Donald Trump

Muslim MTA Worker Called ‘Terrorist,' Pushed Down Stairs at Grand Central Terminal: Officials

The attack comes amid a 35 percent spike in hate crimes year over year in the city

What to Know

  • Hate crimes are up 35 percent in NYC year over year, with a 45 percent uptick in arrests, officials said Monday
  • Bias incidents have spiked 115 percent since Election Day, with 43 cases reported in NYC vs. 20 in the same time period last year
  • There have been similar cases reported across the U.S. in the aftermath of the election

A Muslim MTA worker was called a terrorist and pushed down the stairs at Grand Central Terminal on Monday, the latest in a string of alleged bias attacks sweeping the region, authorities said. 
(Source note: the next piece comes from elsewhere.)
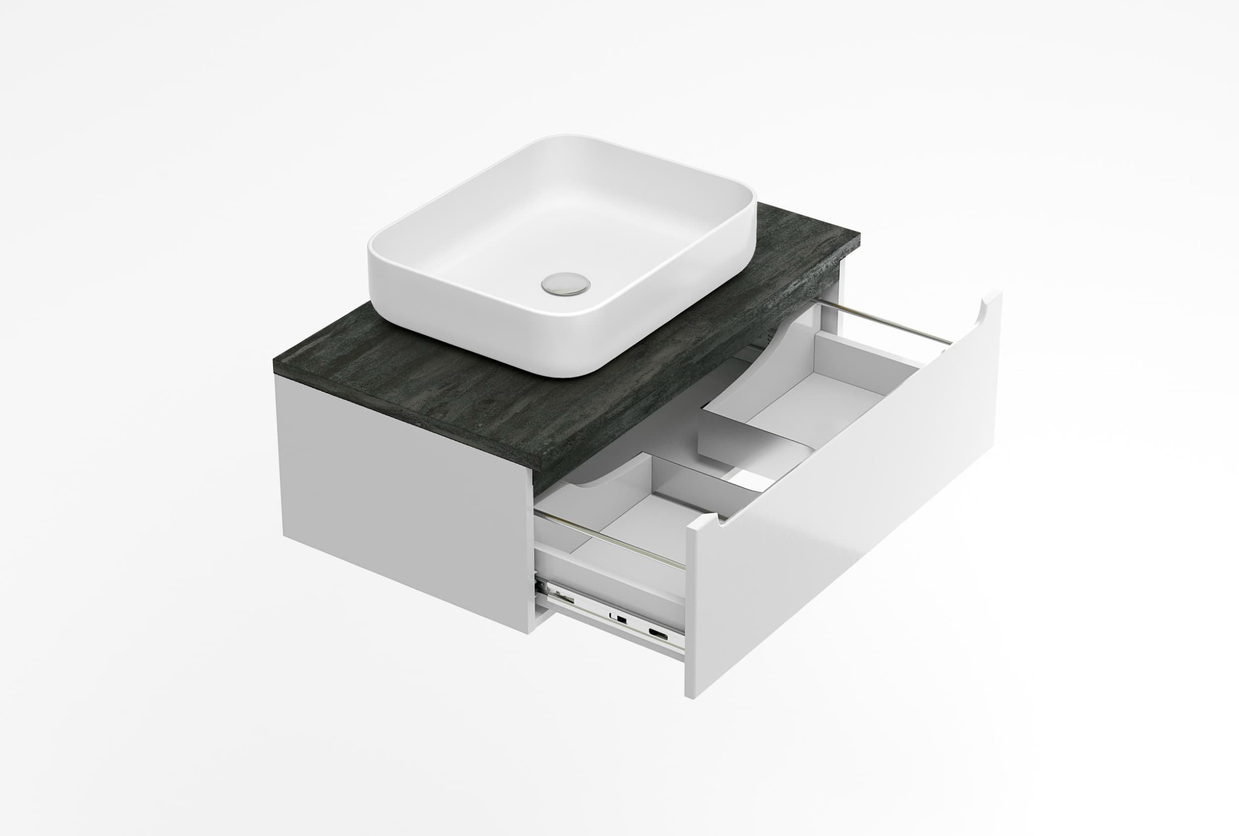 Meuble de salle de bain suspendu Stilla avec un tiroir de 80x30x45 cm avec une plaque de recouvrement de couleur noir béton. L'armoire fait partie de la collection modulaire STILLA et peut être combinée avec des armoires supplémentaires, des boîtes à étagères et des plaques de recouvrement de votre choix. Cette solution vous permet d'obtenir plus d'espace de rangement pour tous les accessoires de salle de bain.
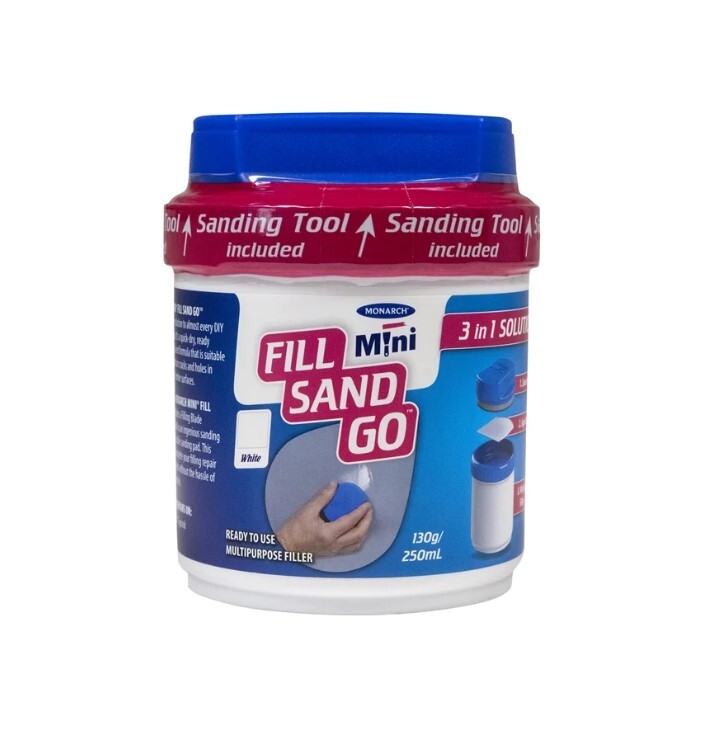 MONARCH MINI® FILL SAND GO™ is an all in one solution to almost every DIY filling repair job. It’s a quick-dry, ready mixed, water-based formula that is suitable for small to medium cracks and holes in plasterboard & timber surfaces.

The woman, wearing her New York City transit uniform, was on her way to work and had just gotten off the 7 train when the suspect shoved her, according to Gov. Andrew Cuomo's office. 

She hurt her ankle and knee in the fall and was taken to NYU Langone Hospital for treatment.

The attack comes amid a spate of apparent instances of bias crime and hateful language throughout the region following the presidential election.

Swastikas were painted inside a 1 train on Saturday, and KKK recruitment materials were distributed in two Long Island Railroad stations. 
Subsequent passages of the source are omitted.